Le patch à risque connu

La solution provisoire de Sui, déployée jeudi pour ramener la chaîne, consistait à arrêter de dépenser du gaz sur les transactions annulées avec « InsufficientFundsForWithdraw ». La Fondation affirme désormais que l'équipe "a accepté le risque associé à cette proposition afin de rétablir le réseau arrêté le plus rapidement possible pendant qu'un correctif robuste était développé". Vendredi matin, le réseau a rencontré une variante du même cas limite et s'est arrêté une deuxième fois. Un deuxième patch a suivi.

La troisième halte est arrivée quelques heures plus tard, au prochain changement d'époque prévu. Les validateurs qui ont redémarré pour adopter le correctif de vendredi n'ont pas réussi à atteindre le seuil de participation pour la génération de clés distribuées de la nouvelle époque – l'étape du protocole qui initialise le caractère aléatoire d'une époque. DKG s'est désactivé de par sa conception, mais un bug latent signifiait que le verdict d'échec n'était jamais écrit sur le disque. Au fur et à mesure des redémarrages, chaque validateur est revenu sans savoir que DKG avait échoué, la file d'attente des transactions dépendantes du hasard s'est agrandie et la logique de fin d'époque s'est arrêtée en attendant un DKG qui ne fonctionnerait jamais. Le correctif permanent a conservé le statut DKG lors des redémarrages et a ajouté un mécanisme de fermeture forcée pour faire converger les validateurs vers une époque bloquée.

Ce qui est décroché

Aucun fonds d'utilisateur n'a été menacé au cours des trois arrêts et aucune transaction engagée n'a été annulée, selon la Fondation. Les incidents n'avaient aucun rapport avec la charge de trafic ni aucun rapport avec un exploit externe, et les transactions sont revenues à une finalité inférieure à la seconde après le troisième redémarrage. La Fondation a également déclaré qu'un agent d'IA interne ayant accès aux journaux du validateur de production "avait accéléré le diagnostic".

La barre de fiabilité

Pour le contexte : le dernier arrêt du réseau principal officiellement confirmé de Solana remonte au 6 février 2024, lorsqu'un bug dans le cache du programme de validation a forcé un redémarrage coordonné d'environ cinq heures. Sui, en comparaison, a été frappé par un bref arrêt en novembre 2024 suite à une tentative de contrôle de la congestion et par un blocage du consensus de six heures en janvier 2026 avant cette dernière exécution.

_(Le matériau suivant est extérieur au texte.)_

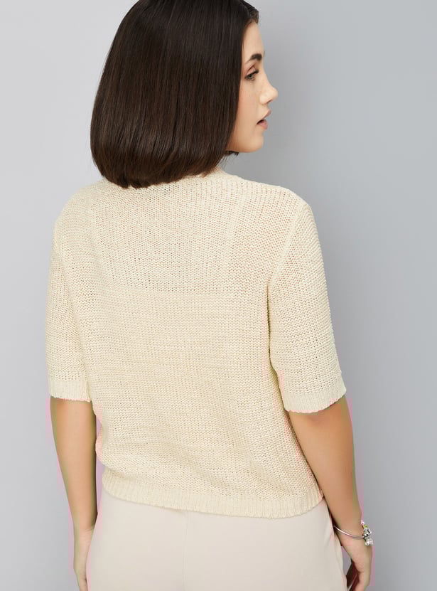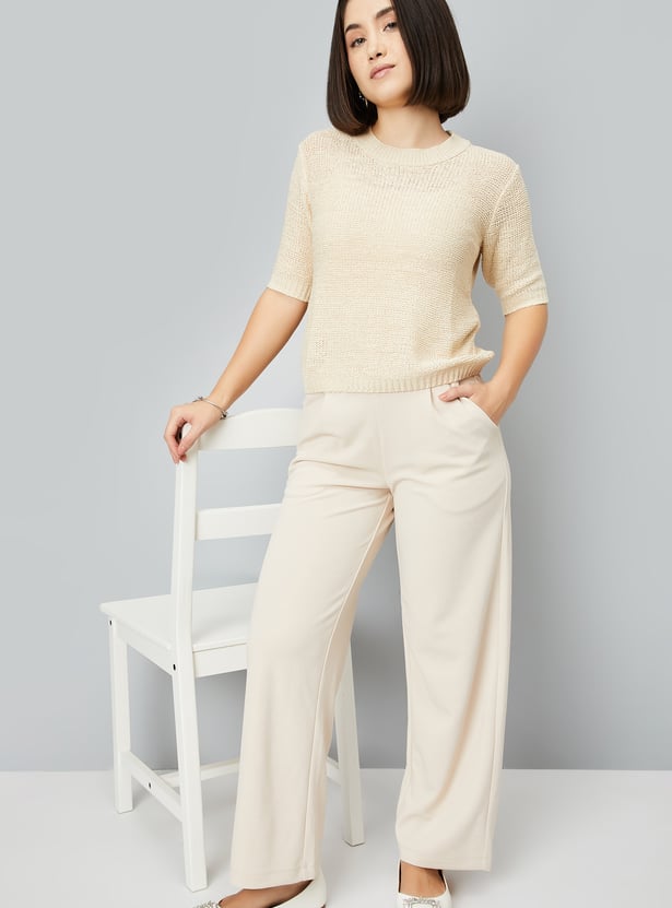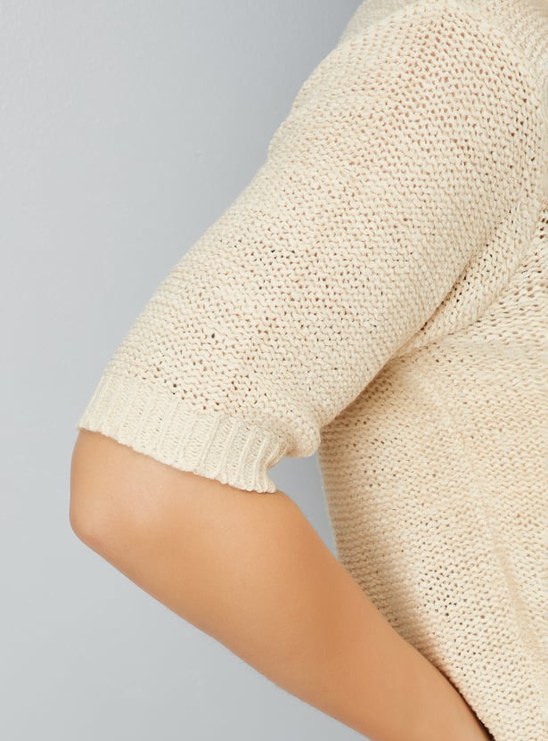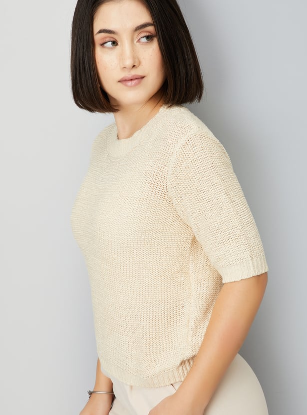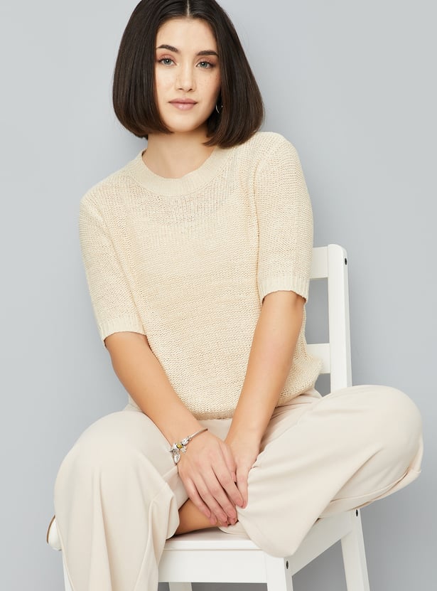 Embrace timeless comfort and style with this top. Featuring a classic round neck and half sleeves, this top is perfect for layering or wearing on its own. The ribbed detail around the neck, sleeves, and hem adds texture and a touch of modern flair to the minimalist design.
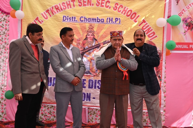 एएम नाथ। चंबा, (चुवाड़ी) :  विधानसभा अध्यक्ष कुलदीप सिंह पठानिया ने आज राजकीय वरिष्ठ माध्यमिक विद्यालय टुंडी के वार्षिक पारितोषिक वितरण समारोह में मुख्य अतिथि भाग लेते हुए शिक्षा के साथ वर्ष भर विविध आयामी गतिविधियों में उत्कृष्ट प्रदर्शन करने वाले मेधावी विद्यार्थियों को पुरस्कृत किया ।

La Fondation a nommé quatre priorités de remédiation : étendre les modèles de dégradation progressive en « mode sans échec » de Sui au reste du chemin de reconfiguration ; reconstruire la logique de chargement de gaz en une barre de qualité de code comparable à la Move VM ou au protocole de consensus Mysticeti ; élargir le programme d'agent IA de débogage de production ; et l'ajout d'une couche de défense en profondeur qui permettrait à un validateur d'ignorer une entrée provoquant un crash plutôt que d'arrêter la chaîne.

Le PDG de Mysten Labs, Evan Cheng, et le directeur des produits, Adeniyi Abiodun, n'avaient pas publié de commentaires publics sur l'autopsie au moment de la publication. Le Defiant a demandé des commentaires à la Fondation Sui.